Lawcadia, the matter and spend management platform for in-house legal teams and their law firms, has announced the launch of a new rules-based engine to improve workflows.
Sacha Kirk, CMO & Co-Founder of Lawcadia, explained that the platform allows the creation of bespoke rule-based responses to matter management issues, such as:
- if a matter is expected to be over a certain amount/budget it goes out to three law firms for competitive RFP
- if under it goes out to a single law firm
- it could suggest to the user a few law firms to send certain work out to based on previous matters and even suggest budgets
- if invoices exceed agreed budget on a matter the relationship partner at the law firm receives a text message prompting action
- certain data can be pushed to external systems or pulled from external systems quite easily
This approach is helped by a new ‘plugin architecture’ that allows for rapid product development, giving customers, partners and Lawcadia’s own development team the ability to build new plugins quickly.

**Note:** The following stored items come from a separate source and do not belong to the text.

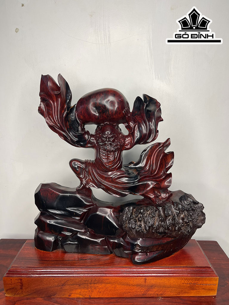 Tượng Đạt Ma Múa Võ Gỗ Nu Trắc Cao 38 Ngang 40 Sâu 12 (cm)
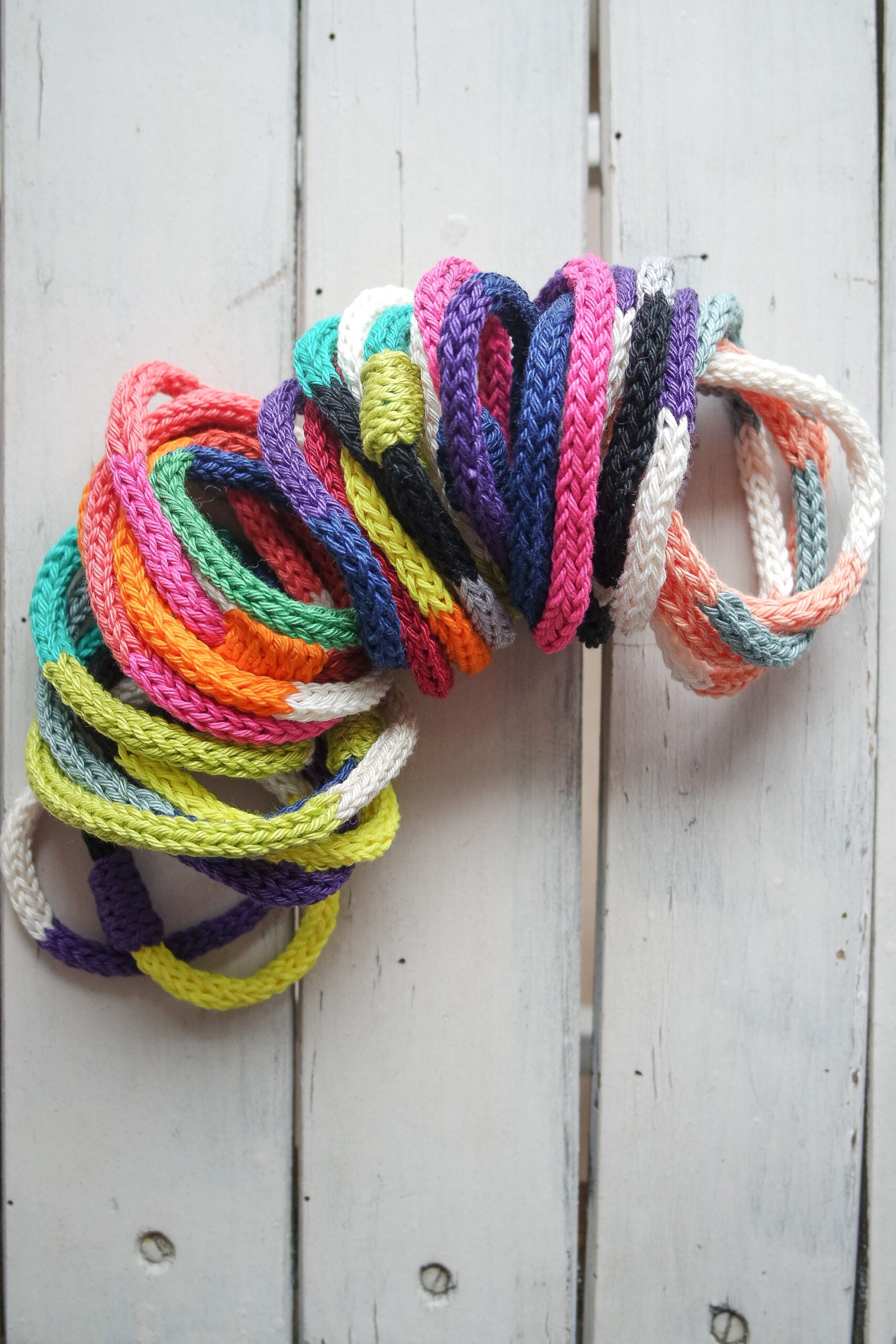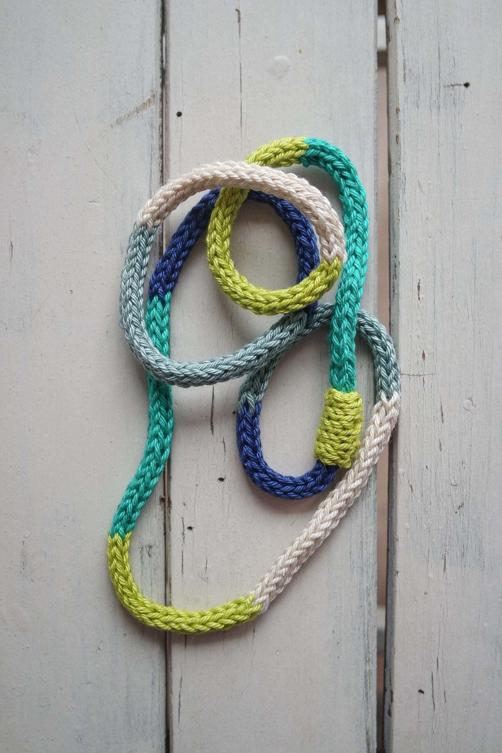 I Cordoncini sono realizzati interamente a mano utilizzando la tecnica della maglia e posso essere utilizzati sia come collana che come braccialetto.
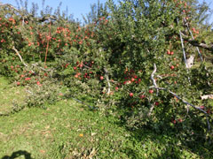 先日の15cm程の湿った雪の重みで、りんごの木の枝が折れ、収穫前のりんごが枝ごと落ちていました。新聞によると中野市で2トン60万円の被害と出ていましたが、飯綱町でも近くの畑で見られるということは、かなりの被害があるのかも知れません。
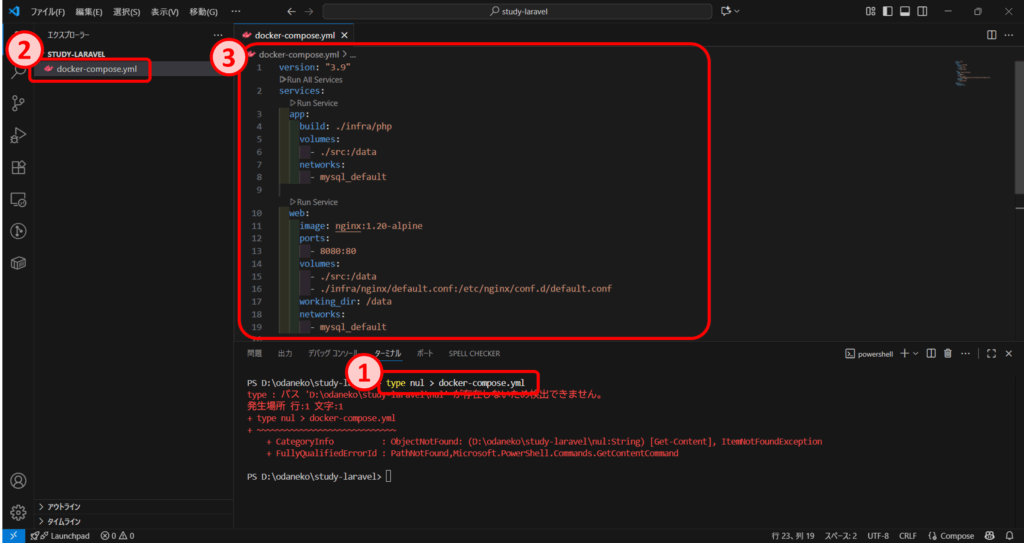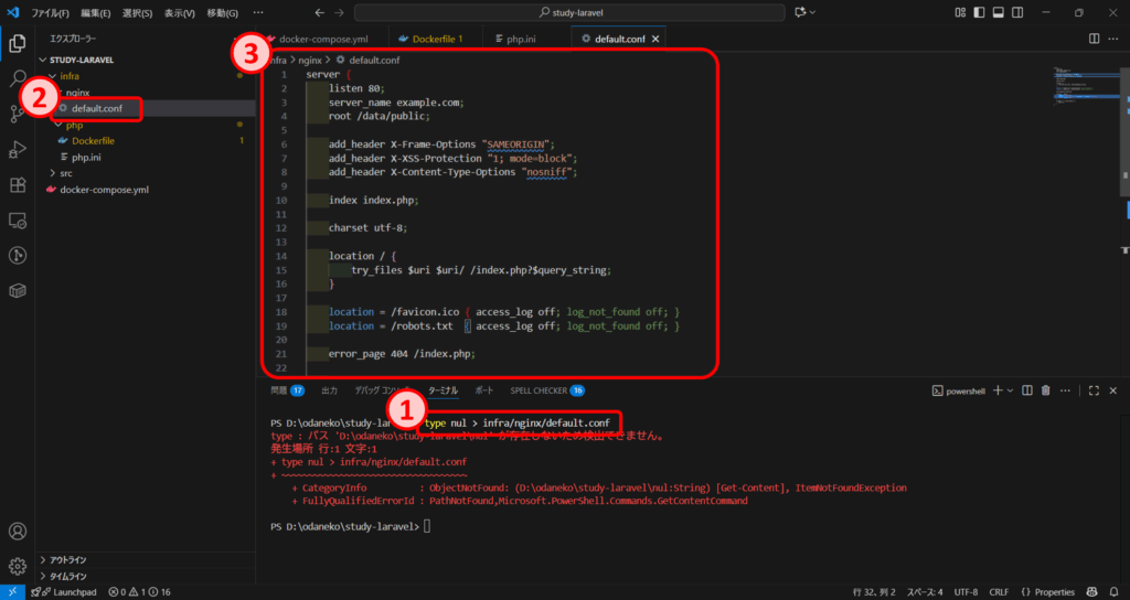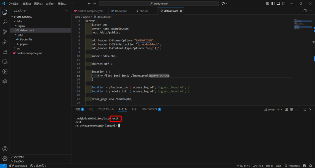 DockerでLaravel+nginx+別コンテナのMySQLの環境を構築してみる(Windows)

The main benefit of its architecture is that new functionality can be added without changing the core infrastructure of the platform. They are planning to provide SDKs (Software Development Kits) so that third party developers can develop unique plugins for certain requirements.
In terms of the thinking behind the new capabilities, Kirk explained that: ‘Law firms and in-house legal departments [often] have different requirements in terms of functionality, systems integrations, even naming conventions and the data fields that are important to them to track and report on.
‘We built our new intelligent engine to allow for almost endless solutions and variations to be created using our legal operations platform as the core operating system. Our core system currently provides matter intake, matter management, competitive RFPs, scope and budget management, as well as ebilling. Our workflow tool was already quite configurable, but the new engine just blows this out of the water.’
Co-Founder and CEO, Warwick Walsh, added: ‘Efficiency and control is a key focus for in-house legal teams, whilst law firms are seeking solutions that embed client relationships and add tangible value to their service offering.
‘Technology is crucial to success in these areas, however many ideas and initiatives fall over because there is too much cost and complexity in customisations and getting different systems working together or alongside each other.’